Maverick routes around ideology in Hollywood. By Steve Sailer.
The problem: reality is not diverse enough for the political commissars:
White male aircraft carrier fighter pilots were the heroes of the 1986 hit movie Top Gun. But today, white men are the designated villains in our culture. Yet the profession of carrier fighter pilot remains almost 93 percent white male, as Military.com reported in 2018:
Data provided to Military.com from the Navy shows that of the 1,404 pilots who fly Navy F/A-18 Hornets, only 26 are black and only 71 belong to any minority. There are only 33 female Hornet pilots in the Navy, according to the demographics, and just one is non-white.
After all, what have American white men ever contributed to aviation? I mean, besides inventing it in 1903, winning the Battle of Midway, going to the moon, and achieving global air supremacy over the past half century…
How then could Tom Cruise make a sequel to his It’s Morning in America Era blockbuster without betraying either the spirit of this age or the reality of naval aviation?
The solution:
Well, he’s Tom Cruise, and as he’s proved over his remarkably extended career, he’s adept at presiding over the delivery of consistently above-average action movies. Tom Cruise’s name above the title is your assurance that he’s assembled outstanding experts and made sure they’ve all given it their best shot.
What Cruise’s brain trust came up with for Top Gun: Maverick, a sequel arriving a remarkable 36 years after the original, is to have plenty of diversity casting — for instance, the final mission to blow up an under-construction nuclear weapons facility in an enemy country, which demands the best of the best the Navy has, is comprised half of Aviators of Diversity.

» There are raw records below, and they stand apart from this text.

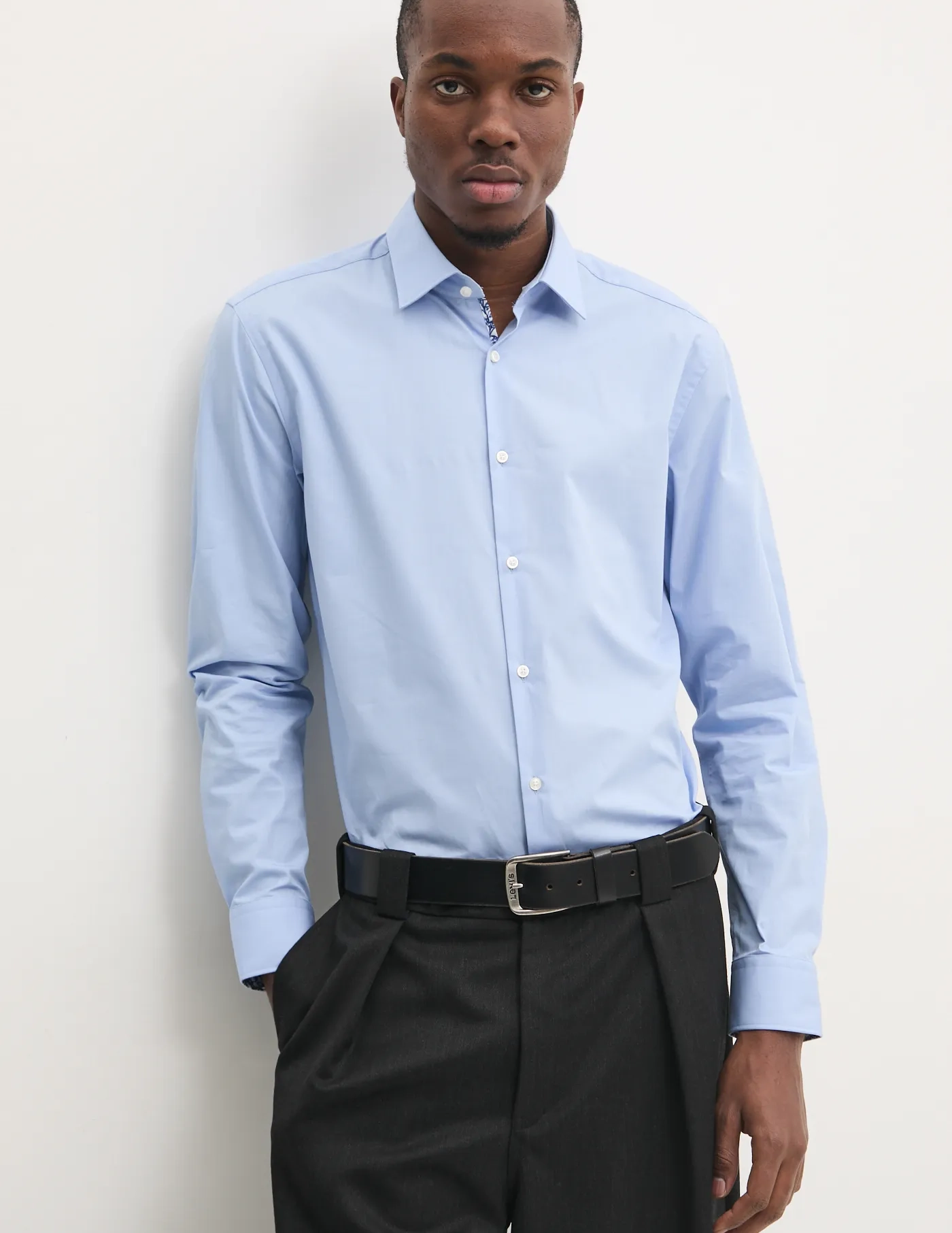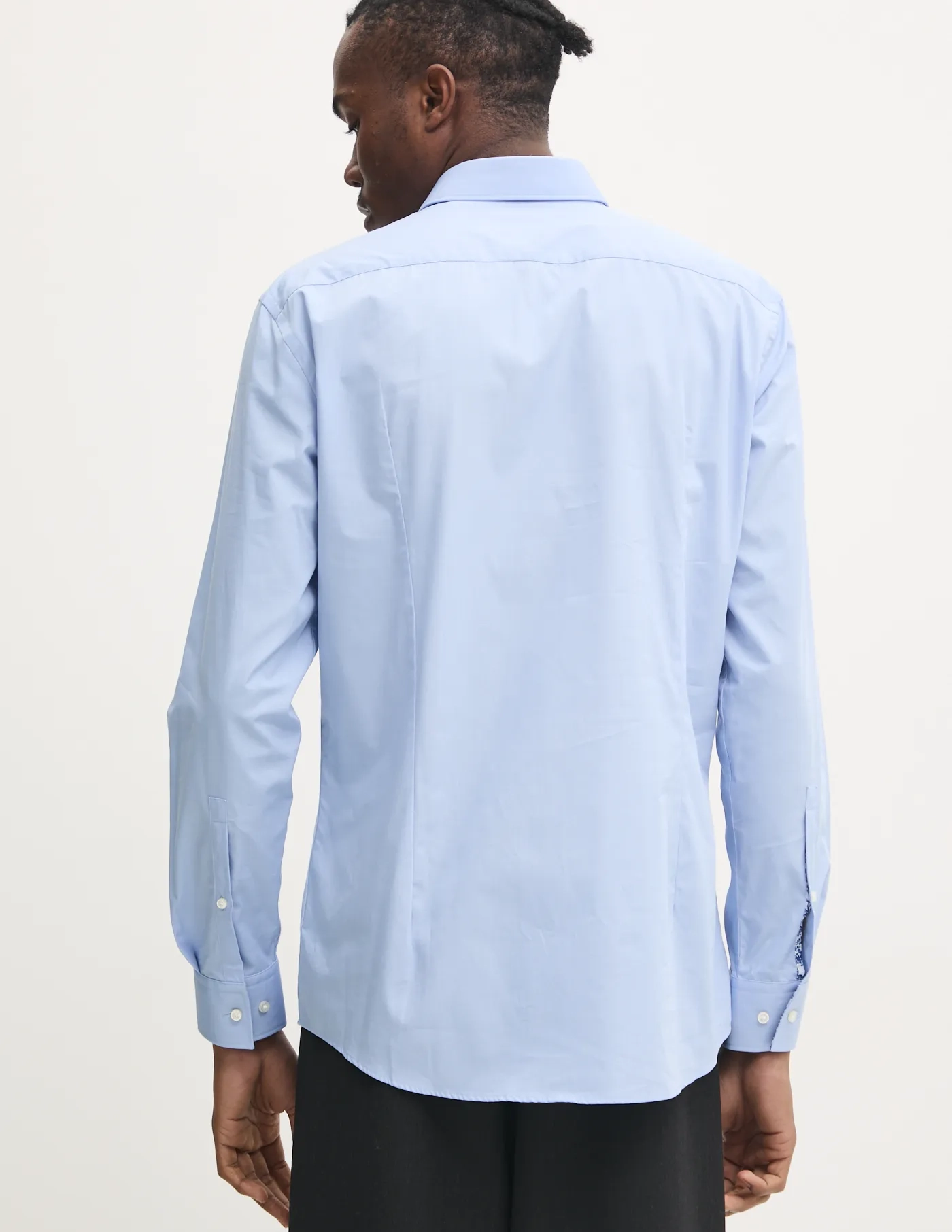 - Жесткие манжеты с двумя пуговицами для индивидуальной посадки.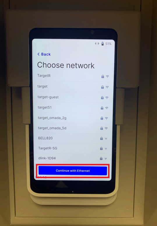 After the VAC reboots, if you're still not seeing the "Continue with Ethernet" option, try rebooting both the VAC kiosk, and the PINpad terminal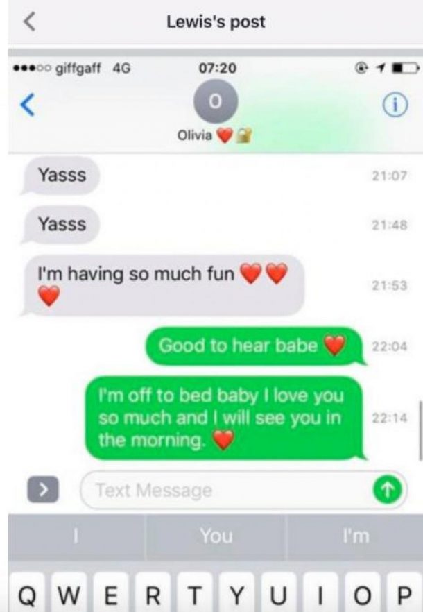 Olivia envoyait des messages heureux et amoureux à Lewis avant que sa vie soit emportée dans l’attentat terroriste. Elle écrivait à Lewis qu’elle s’amusait beaucoup à ce concert et ajoutait même des coeurs. Lewis lui a répondu qu’il était heureux pour elle, qu’il l’aimait, qu’il allait se coucher et qu’il la verrait le lendemain. Malheureusement, Lewis ne reverra jamais Olivia.

But, and here’s the brilliance, the diversity casting is solely in fungible supporting roles, while the great majority of the film’s considerable drama consists of the main six white male dinosaurs butting heads.
The result:
The striking result: Everybody loves Top Gun: Maverick, with the film earning $296 million domestically through its first two weekends, drawing back to movie theaters huge numbers of over-35-year-olds for the first time since Covid. Critics were near unanimous in giving it their thumbs-up. …
Probably not the first time this sort of thing has happened:
A myth has since emerged that during the Reagan Era, Hollywood was out-of-the-closet conservative.
But it’s likely that little has changed: In both eras, the movie industry imagined itself as indignantly progressive. Yet so many of its most memorable movies then and now are conservative tales of heroes.